# Supplied data
-.-.-
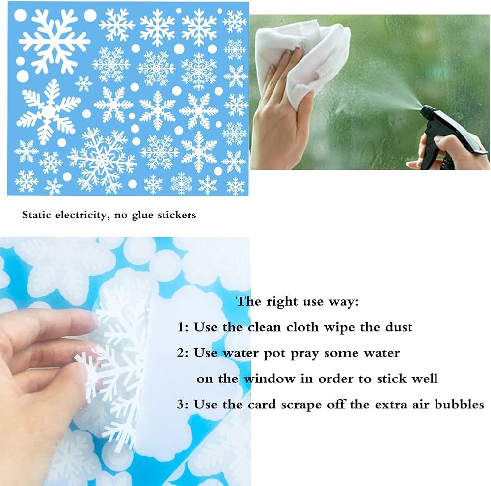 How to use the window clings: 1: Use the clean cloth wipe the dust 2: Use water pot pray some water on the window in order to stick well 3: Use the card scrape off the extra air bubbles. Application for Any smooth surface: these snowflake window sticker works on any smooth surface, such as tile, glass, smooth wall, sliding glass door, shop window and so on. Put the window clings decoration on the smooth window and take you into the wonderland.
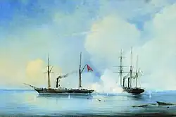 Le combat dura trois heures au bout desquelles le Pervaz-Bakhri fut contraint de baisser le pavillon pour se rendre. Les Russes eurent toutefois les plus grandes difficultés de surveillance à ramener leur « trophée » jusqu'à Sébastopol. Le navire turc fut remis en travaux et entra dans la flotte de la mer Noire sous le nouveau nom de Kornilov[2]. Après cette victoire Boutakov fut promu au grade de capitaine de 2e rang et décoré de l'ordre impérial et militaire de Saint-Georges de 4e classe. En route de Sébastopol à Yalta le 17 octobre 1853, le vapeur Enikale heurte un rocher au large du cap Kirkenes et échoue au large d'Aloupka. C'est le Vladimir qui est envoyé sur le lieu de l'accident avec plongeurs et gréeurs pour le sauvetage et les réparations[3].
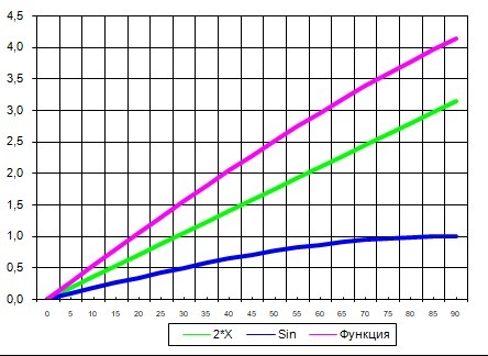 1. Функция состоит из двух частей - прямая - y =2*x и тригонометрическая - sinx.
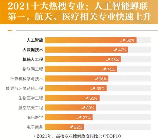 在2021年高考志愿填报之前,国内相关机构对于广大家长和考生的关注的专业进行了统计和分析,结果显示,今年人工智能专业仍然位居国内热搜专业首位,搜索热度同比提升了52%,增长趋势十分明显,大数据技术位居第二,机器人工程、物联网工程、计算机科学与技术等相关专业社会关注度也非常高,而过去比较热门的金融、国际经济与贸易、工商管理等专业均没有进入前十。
-.-.-
# What the task requires
With pictures left out, repeat exactly the lines from the one containing "1. Функция состоит" through the last line of the data above, inclusive, and nothing else.

# Response
 1. Функция состоит из двух частей - прямая - y =2*x и тригонометрическая - sinx.
 在2021年高考志愿填报之前,国内相关机构对于广大家长和考生的关注的专业进行了统计和分析,结果显示,今年人工智能专业仍然位居国内热搜专业首位,搜索热度同比提升了52%,增长趋势十分明显,大数据技术位居第二,机器人工程、物联网工程、计算机科学与技术等相关专业社会关注度也非常高,而过去比较热门的金融、国际经济与贸易、工商管理等专业均没有进入前十。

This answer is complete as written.